Lots of useful translatable skills are learned.

The main one is to be able to write properly and convey your ideas clearly (which as you can see I haven't mastered at all).

Data science skills also comes to mind as a very transferable and desirable outside academia.

The one skill though that has been the most useful for me is the ability to figure stuff out on my own when no one can possibly help me. The problem you are solving are usually too niche for someone to take the time and tell you "go this way and you will find what you are looking for".

When asking people for help you might get contradictory guidance, there might also be just wrong because they don't understand the problem as deeply as you do.

Same with the technical aspect of your studies.

Some math that I needed were Β so cryptically written that they could have been as well an incantation from the Necronomicon.

Finding that one formula in that one paper that mention it

Transitioning towards industry research or even entrepreneurship is a natural path out of academia!

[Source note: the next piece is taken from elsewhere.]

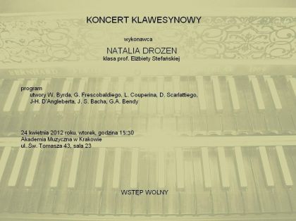 Natalia Drozen studia licencjackie i magisterskie w klasie prof. Leszka Kędrackiego w Akademii Muzycznej w Łodzi ukończyła z wyróżnieniem. Od wrzeœnia 2010 do marca 2011 roku w ramach programu stypendialnego Erasmus studiowała w Hochschule der Künste in Bern (Szwajcaria) w klasie klawesynu prof. Dirka Börnera. Brała udział w licznych kursach mistrzowskich prowadzonych m.in. przez: Nicholasa Parle, Tineke Steenbrink, Elżbietę Stefańskš, Liliannę Stawarz, Marcina Szelesta i Ewę Mrowca- Koœciukiewicz (realizacja basso continuo) oraz Marię Erdman (klawikord), a także w warsztatach tańca barokowego prowadzonych przez Romanę Agnel, Dariusza Brojka i Magdalenę Żmudę. Uczestniczyła w festiwalach, takich jak: 17. Dni Bachowskie, XV Festiwal Muzyka w Sandomierzu (koncert z towarzyszeniem Leopolis Chamber Orchestra), II Międzynarodowy Festiwal Muzyki Dawnej im. Julitty Sleńdzińskiej w Białymstoku i Wędrowny Festiwal Filharmonii Łódzkiej – Kolory Polski XII oraz sesjach artystyczno-naukowych jak Musica Moderna, Taniec w Muzyce Baroku oraz Haendel 250 (koncert- „Ody Haendla” pod dyrekcjš Lilianny Stawarz). Stypendystka Ministra Kultury i Dziedzictwa Narodowego w roku 2010/2011. Podczas I-go Akademickiego Konkursu Klawesynowego w Poznaniu otrzymała Nagrodę Rektora Akademii Muzycznej we Wrocławiu. Stypendystka Académie musicale de Villecroze (Francja) w klasie klawesynu i klawikordu Iltona Wjuniskiego w roku 2011. Od lutego bieżšcego roku kontynuuje naukę na Studiach Podyplomowych w Akademii Muzycznej w Krakowie w klasie klawesynu prof. Elżbiety Stefańskiej.

Alternative way of Getting the Benefits

So the benefits are great, but they aren't exclusive to a PhD/Master degree. You can actually get them outside of academia simply by being driven.

Volunteer in a lab :)

Before starting my master and PhD I've been volunteering at labs for 3 years. My experience was much different because I didn't care much about either the grant proposal aspect or paper publishing.

I was just some kid running experiments and learning in the process. This is highly valuable for a lab, even if your experience is limited. Ironically I got 3 of my 7 papers published from past work I was involved in without much effort.

Contribute to open source endeavor.

If you like coding, there are plenty of way you can help out advance any field by just contributing to open source. Most field in academia rely on a core backbone of open source codebase which are maintained by volunteers (or not maintained at all).

Helping out making these open source project better is a sure way to make a big impact on the life of many researchers and getting result out faster.

Literally work on whatever problem you want to solve outside of academia.

This was an eye-opener to me. I could just do whatever I want and work on issues I think was important to solve. I got that 'ah-ah' moment as I was sitting next to an entrepreneur starting a business in the neuroscience field on a topic adjacent to me.

Yes, you are left on your own, but at that point the freedom to chip away at a problem you deem relevant is exhilarating.

Conclusion

In my view, the conclusion is pretty clear. There is so much reason why a PhD shouldn't be done and only one that support it:

because I want to do a PhD with this Professor in this particular lab

If this is the case, go right ahead and have some fun while you are at it. Don't take what I'm saying too seriously. My perception is biased by my experience and the learning I've done along the way.

The most important thing you should take out of this is to do a retrospection about why you are doing a PhD and then take a decision that you are happy with!